Measures to empower councils to implement it were introduced in a draft local transport bill published yesterday.
The trials will be used to test the feasibility of road pricing, measuring the impact on congestion and more importantly the resistance among drivers - the majority who have so far opposed any nationwide road pricing scheme.
Drivers in Greater Manchester, West Midlands, Wolverhampton and Coventry, East Midlands, Derby and Nottingham, Tyne & Wear, Durham, Bristol, Reading, Cambridge, Shrewsbury and Norwich could be the first to experience the new system of road pricing, but not before 2012 at the earliest.

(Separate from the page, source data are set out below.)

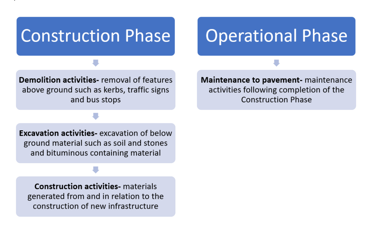
Image 18.3: Summary of Surplus Materials Source Considered in this Assessment for Each Phase of Proposed Scheme

A summary of both phases of the Proposed Scheme and the source of surplus materials considered in this assessment is set out in Image 18.3. For the purpose of the Proposed Scheme bituminous materials have been quantified and assessed under the excavation activities.
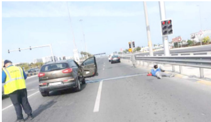
Due to inadequate safety measures, the area has become accident prone

He expressed his concerns, saying, "Efforts have been made to engage with various government entities to open an additional entrance for the district that is not linked to Diyar Al Muharra, but rather an independent access point. However, the Ministry of Works continues to claim that it is under consid-
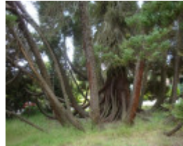
T11136 Cryptomeria japonica 'Elegans'
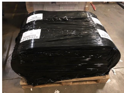
Suitably covered with clear description, reel size and weight.
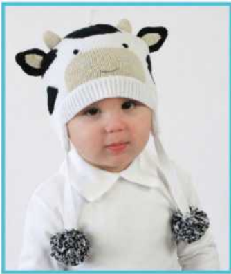
HAT - COWH 2/3y
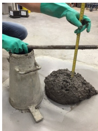
Figure 1. Slump of CEBAMA WP1 benchmark reference concrete, produced at VTT.

The activities of Work-package 1 during the first year of the project have addressed the synergy between various research methods and experimental studies of cementitious materials used in the repositories. At the start of the project an internal survey of WP1 participants was done to gather more details that served as the basis for the deliverable reports of the first year. This has included discussions and information on experimental methods and cementitious materials being studied, to ensure cooperation and implementation by the end users group. The first Deliverable report D1.01 provided detailed scientific work summary plans from each partner, serving as a basis for future reference. The next Deliverables D1.02 on systems to be studied, D1.03 as a state-of-the-art report on WP1 topics to be used as external reference by the general public, D1.04 as Experimental method boundary conditions to be used in WP1 studies, and D1.05 on Experimental materials to be used in the WP1 program were all available by or near the workshop time.
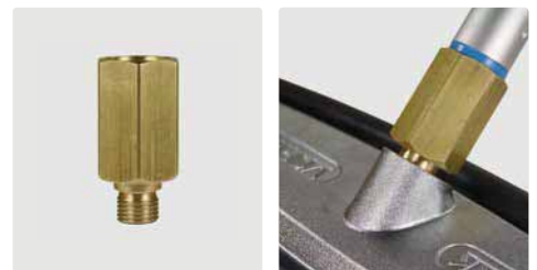
Adaptor for lances with coarse thread. Coarse thread : 1/4" M
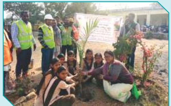
Plantation under Swachhata Pakhwada at Govt. Upper Primary School, Charlia
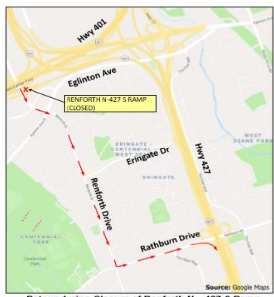
Detour during Closure of Renforth N – 427 S Ramp SB Renforth to EB Rathburn Drive to Hwy 427
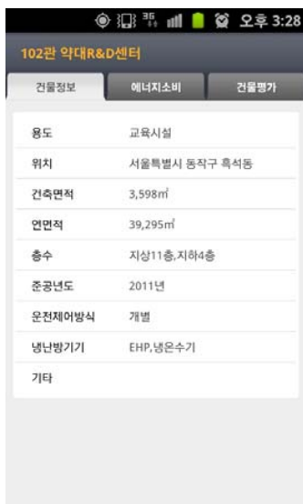
Fig. 4 Building information
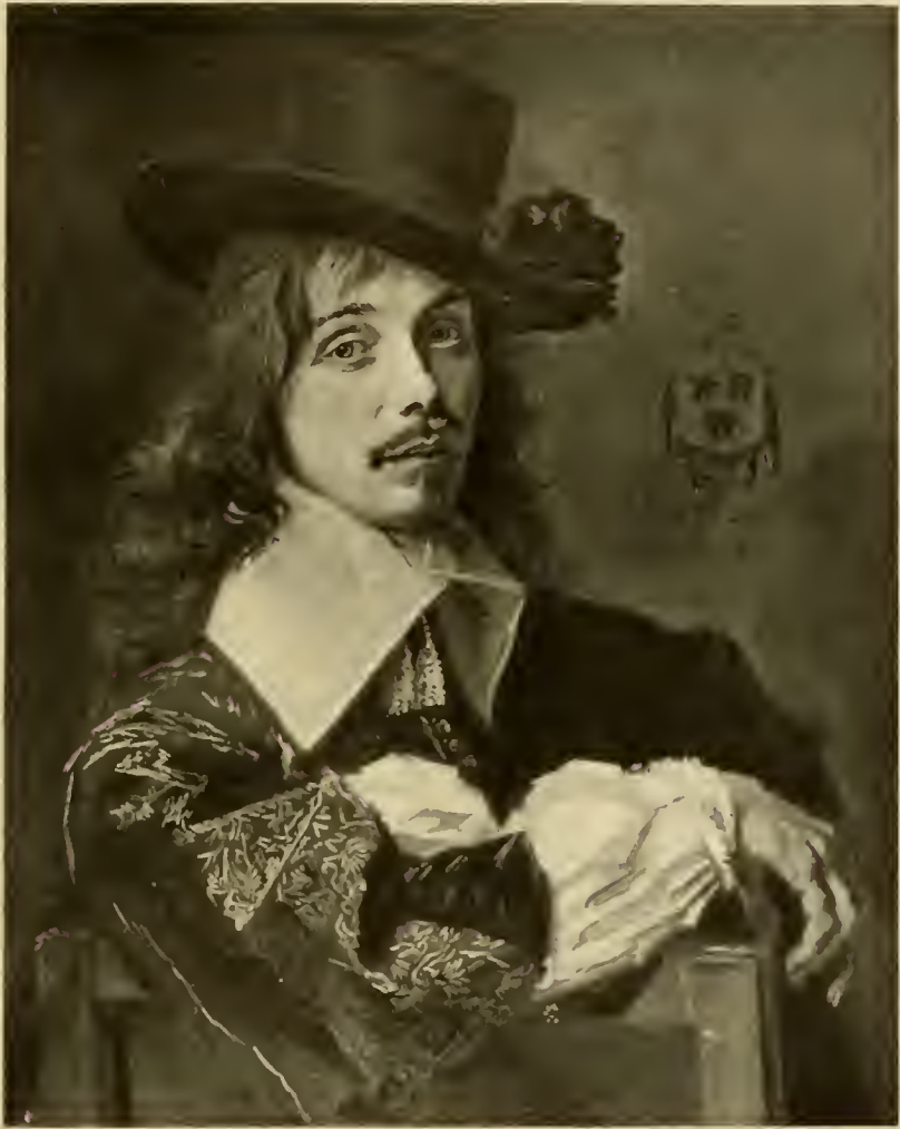
BALTHASAR COYMANS BY FRANS HALS
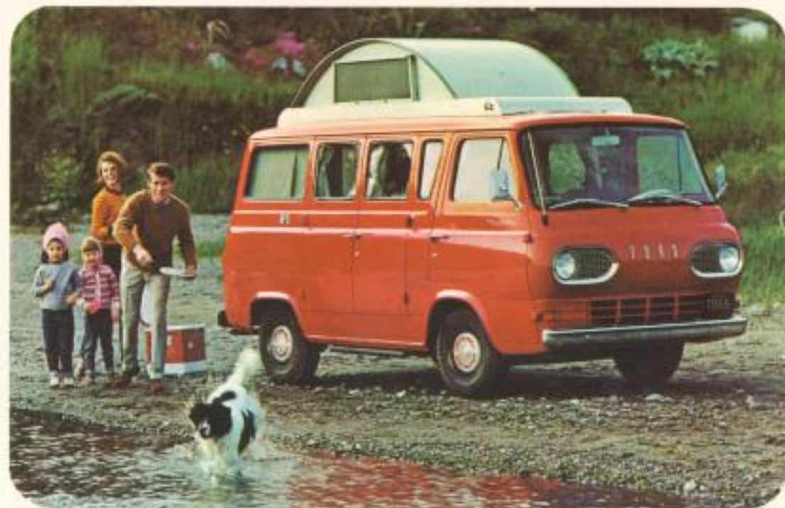
New Falcon Custom Club Wagon becomes a Camper with wide variety of Conversion Kits
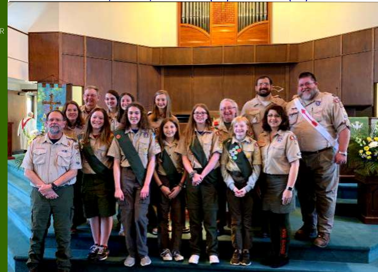
Celebrating Scout Sunday on February 9
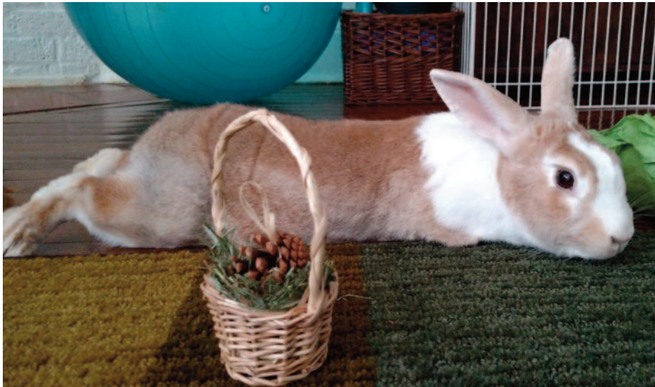
RIP Benita. See Thump's coverage of Benita's rescue and rehabilitation in 2010 and 2011, pages 19-26.
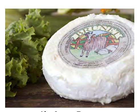
Alta Langa Brunet

Milk Type: Goat Region of Origin: Piemonte A pasteurized, soft-ripened cheese. Reminiscent of Robiola, this cheese—with its aromas of bread and
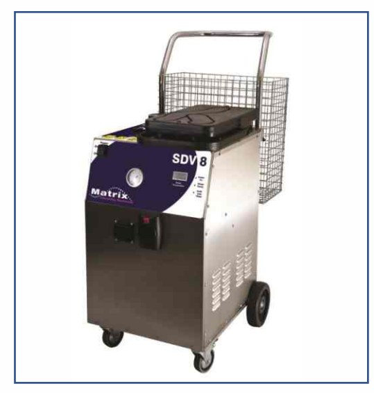
Matrix SDV8 - Steam Cleaner
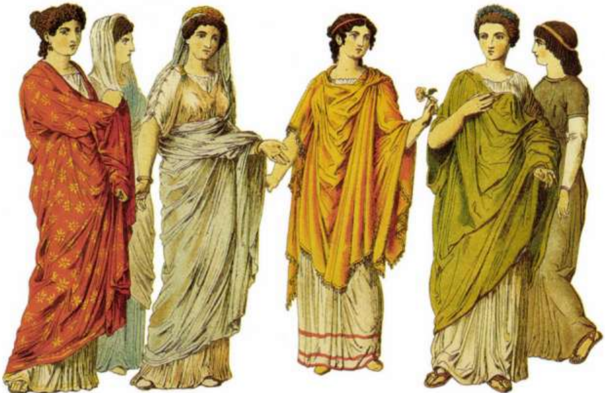
▼ Roman women would have worn clothes like these, some of them made from highly-fashionable silk.

As capital of this empire, Rome became a city of great wealth and sophistication importing products from far and wide. When Chinese silk first reached Rome it caused a sensation. The Romans had never before seen such fine material, and silk garments became the height of fashion amongst the aristocracy. In no time silk was in great demand, and its popularity began to spread throughout the Roman Empire. The Romans could not get enough silk to satisfy the demand, and silk began to fetch huge prices. It was literally worth its weight in gold!
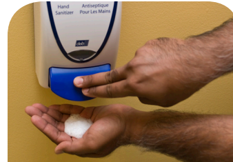
2. Apply alcohol-based sanitizer
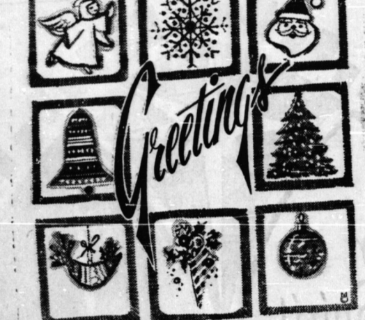
We're wishing all of you every joy of the Holiday Season. May your days be merry and bright... seeing you has made ours a delight!

POINSETTAS, CYCLAMENS, MUMS and AZALEAS for Christmas VI-MAL FLORISTS RADICAL ST. JARVIS, Ont. Phone 587-2191
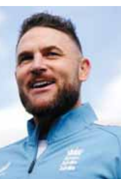
Flower, when England climbed to the top of the world Test rankings after winning the 2010-11 Ashes series in Australia.

Broad said McCullum's approach contrasted with the successful regime under Andy

Transport secretary Douglas Alexander said a local scheme would give the government a better idea of how national road pricing could work in the future.
'It's only on the evidence of these established schemes that any decision on national road pricing would be made,' he said.
The Liberal Democrats called on the government to be 'open and honest' about any plans to push forward with road pricing.
Lib Dem transport spokesman Alistair Carmichael said motorists must not pay more overall.
'If the public feel that road user pricing is just another cash cow for the Treasury, then it will meet stiff resistance and a real opportunity to reduce congestion will be missed,' he said.
The draft road pricing bill also contains measures to give local authorities more power to regulate bus services, including the power to set fares, bus frequencies and timetables.
The Lib Dems said such powers were long overdue, reversing the 'bad Tory idea' of deregulation.